** Items from a data source **
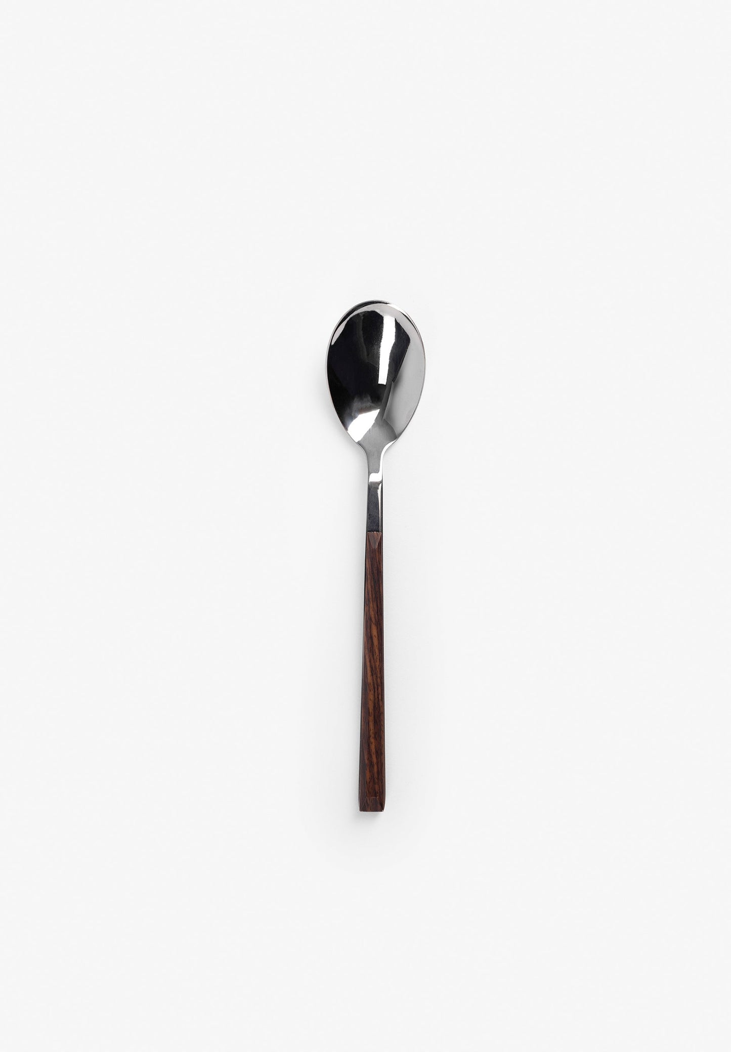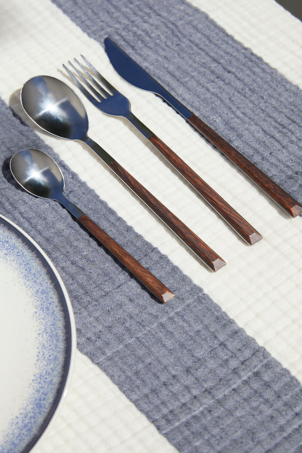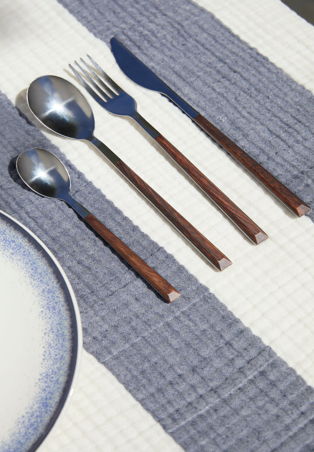 Cubertería con mango fino de resina con diseño en efecto madera.
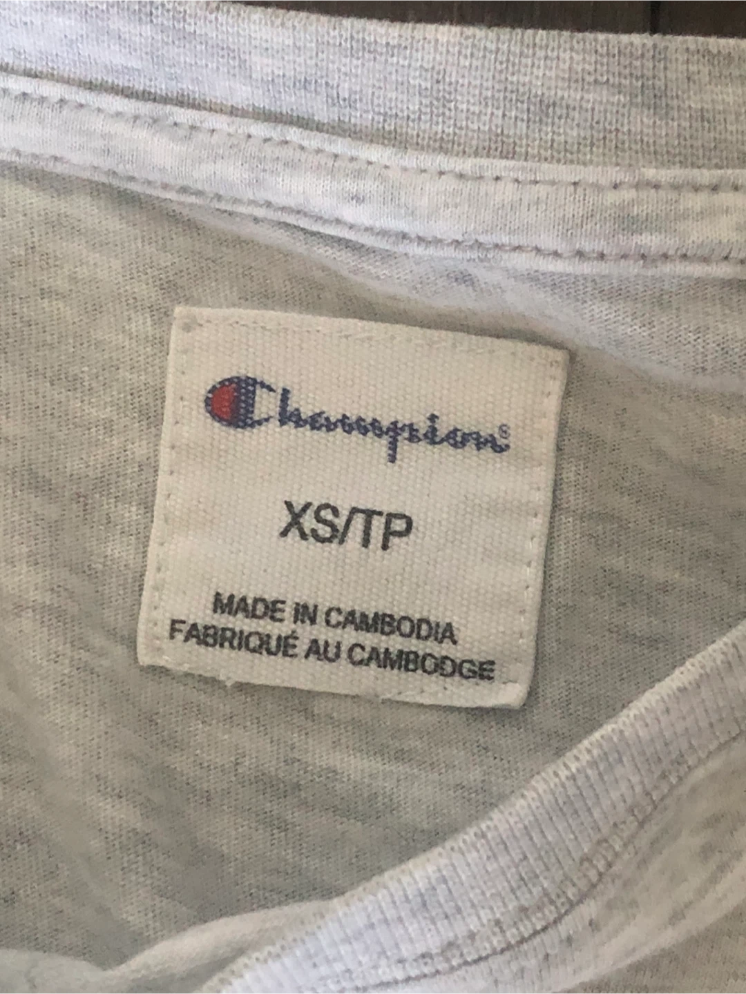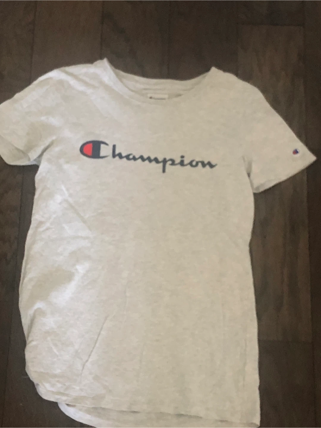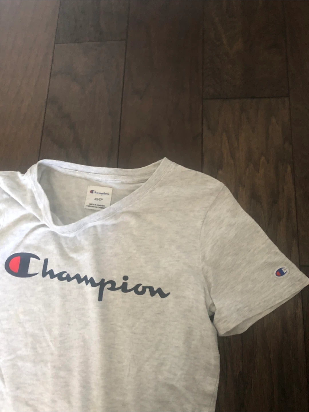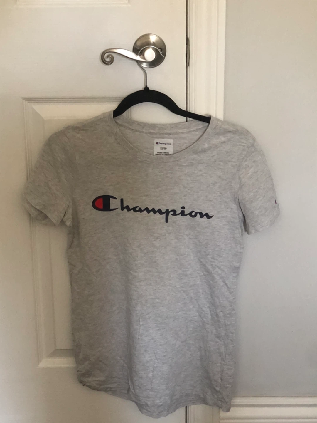 comfy Champion t-shirt in size XS. It's a light grey colour and has the classic Champion logo on the front. Great for casual wear!
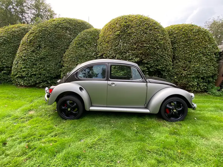 Deze Kever heeft een zeer unieke kleurstelling en is erg netjes gespoten met een Toyota Matt Silver en een Porsche Bruine top kleur ( Duo Tone )
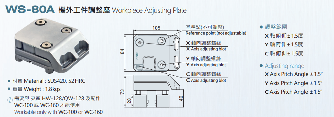CGM WS-80A Workpiece Adjusting Plate,EDM tooling fixture EROWA 3R alternative China Manufacturer
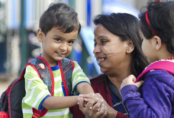 Four-year-old Zain Siddiqui and his mother Tabassum arrive at his first day of school at Fraser Mustard Early Learning Academy in Toronto Tuesday, Sept. 3, 2013.Kevin Van Paassen/The Globe and Mail
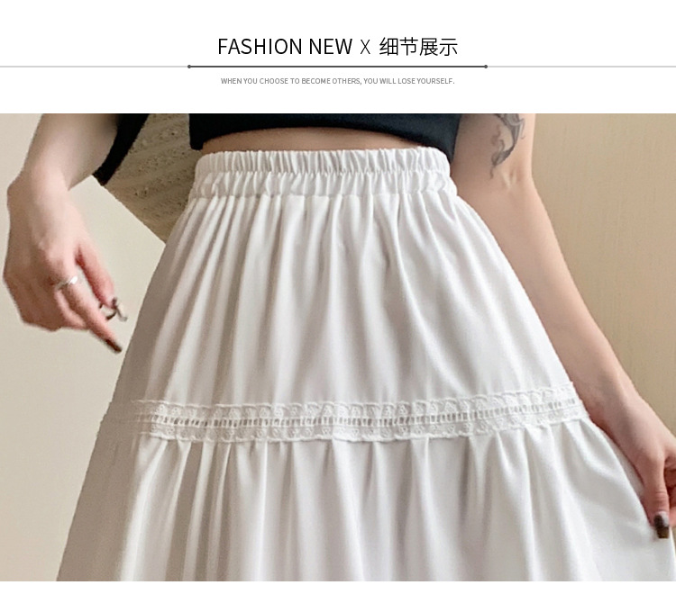 白いレースのケーキのスカートの女性の春の夏のタイプの小さい背のa字の傘のスカートはやせていることが見えます。

** Task description **
Reproduce exactly, and only, the lines that begin at the one containing "Deze Kever heeft" and end with the final line of the data, both included, while omitting every picture.

** Result for this exercise **
 Deze Kever heeft een zeer unieke kleurstelling en is erg netjes gespoten met een Toyota Matt Silver en een Porsche Bruine top kleur ( Duo Tone )
CGM WS-80A Workpiece Adjusting Plate,EDM tooling fixture EROWA 3R alternative China Manufacturer
 Four-year-old Zain Siddiqui and his mother Tabassum arrive at his first day of school at Fraser Mustard Early Learning Academy in Toronto Tuesday, Sept. 3, 2013.Kevin Van Paassen/The Globe and Mail
 白いレースのケーキのスカートの女性の春の夏のタイプの小さい背のa字の傘のスカートはやせていることが見えます。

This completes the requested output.